Egzekucja mormońskiego chłopaka wywołała u mnie lekkie dreszcze, zapowiada się ciekawie.
Czepiłbym się jedynie tego krwawienia po ugryzieniu wilka, trwało minimum tydzień, lekka przesada ;)
Zależy od tego jak głęboka była rana. Krwawienie nastąpiło zresztą po gorącej kąpieli. Gorąca woda otwiera na nowo rany. Jak dla mnie nie ma w tym nic specjalnie naciąganego.

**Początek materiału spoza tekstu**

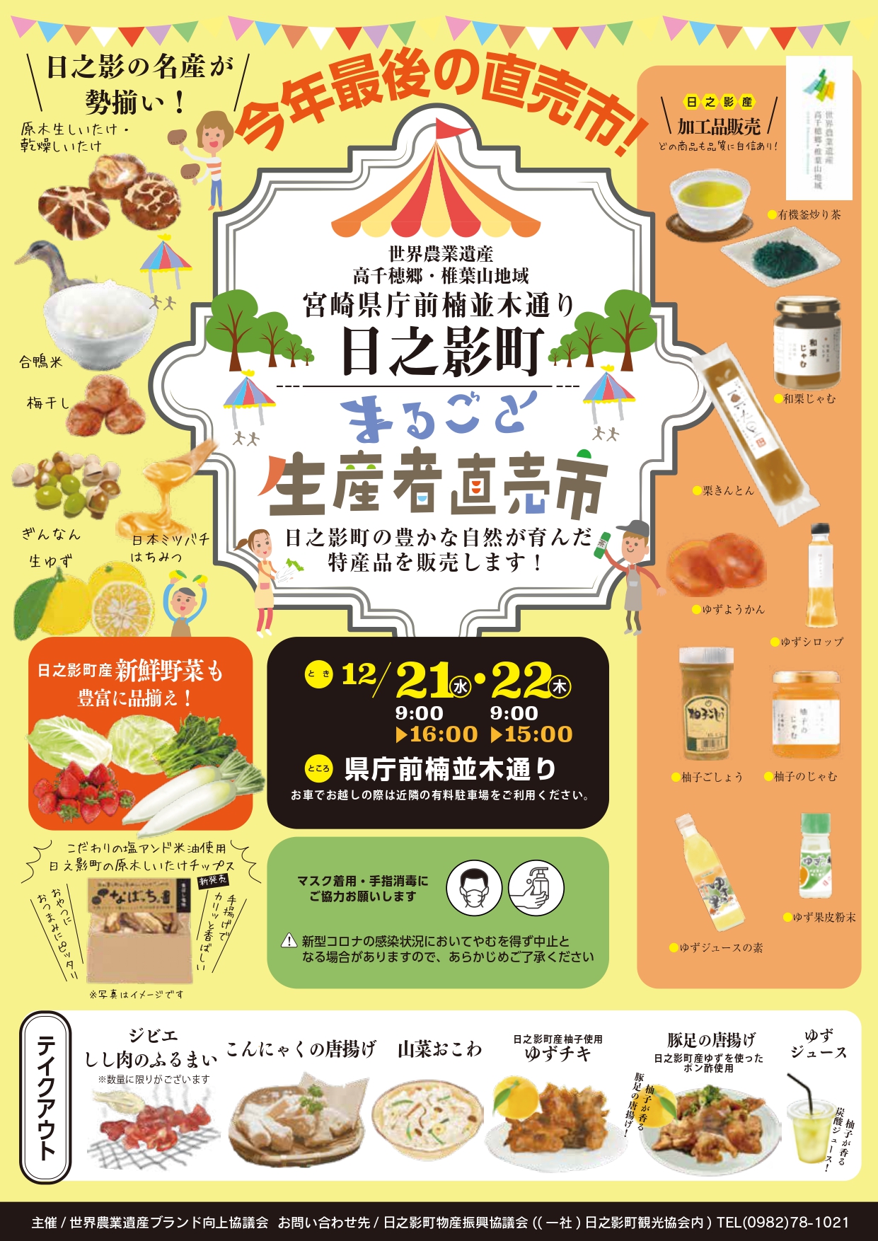 宮崎県庁前楠並木通り 日之影町まるごと生産者直売市 開催! hinokage 2022年12月13日 お知らせ 宮崎県庁前楠並木通り 日之影町まるごと生産者直売市 開催します! 日之影町の豊かな自然が育んだ特産品を販売します! 日之影自慢の特産品が勢ぞろい! ■日程 12月21日(水) 9:00~16:00 12月22日(木) 9:00~15:00 2日間 ■場所 宮崎県庁前楠並木通り ■お問い合わせ 日之影町物産振興協議会(日之影町観光協会内) 0982-78-1021 ※お車、自転車等でお越しの際は、近隣の有料駐車場をご利用ください。 当日駐車場は用意しておりません。 おすすめ 道路・森林セラピーロードの状況について 2020年9月9日 台風10号の接近に伴う臨時休業のお知らせ 2020年9月4日 ますたろう荘 休業のお知らせ 2022年4月11日

Krwawił cały czas o czym świadczy scena w pociągu gdy wyciera się jakąś brudną szmatą. Rozmawiałem kiedyś ze starym maszynistą który jeździł jeszcze popularną "ciuchcią", jego opałowy (o ile dobrze pamiętam nazwę tej funkcji) na trasie Białystok-Warszawa przerzucał 4 tony węgla. Nie wiem jaki dystans pokonał samotnie nasz żelazny bohater ale na pewno nie mały... Do tego wzmożony wysiłek fizyczny, ocierające się futro o ranę, zapewne zawszone skoro trzeba je było zastrzelić i spalić ;p Idź kiedyś zdaj te 450 ml krwi i zaraz po tym zrób ze 20 pompek i przysiadów i zobaczysz jak wiruje świat ;p Idąc przykładem Pawlaka o zamarzniętym parowozie w którym porozsadzałoby pewnie wszystkie rurki w których była woda nawet nie wspomnę... ;)

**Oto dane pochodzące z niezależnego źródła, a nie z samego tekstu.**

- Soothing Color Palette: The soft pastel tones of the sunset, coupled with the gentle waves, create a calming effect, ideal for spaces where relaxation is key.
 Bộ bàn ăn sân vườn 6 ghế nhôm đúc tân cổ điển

No ale jak mówiłem ogólne wrazenie pozytywne, dobra muza, ujęcia itp
Tylko że się lubię czepnąć heheh
Tak, sezon 3 zapowiada się super, lepiej niż drugi, widać że będą podejmowane decyzje i ludzie będą ginąca. Czekam na kolejne odcinki.
Robią wrażenie. Śmierć Lily została jednak wykorzystana pozytywnie jeśli chodzi o rozwój fabuły. Nie doprowadziła Bohannena do rozpaczy, a dodanie mu ambicji zapowiada naprawdę dobry sezon.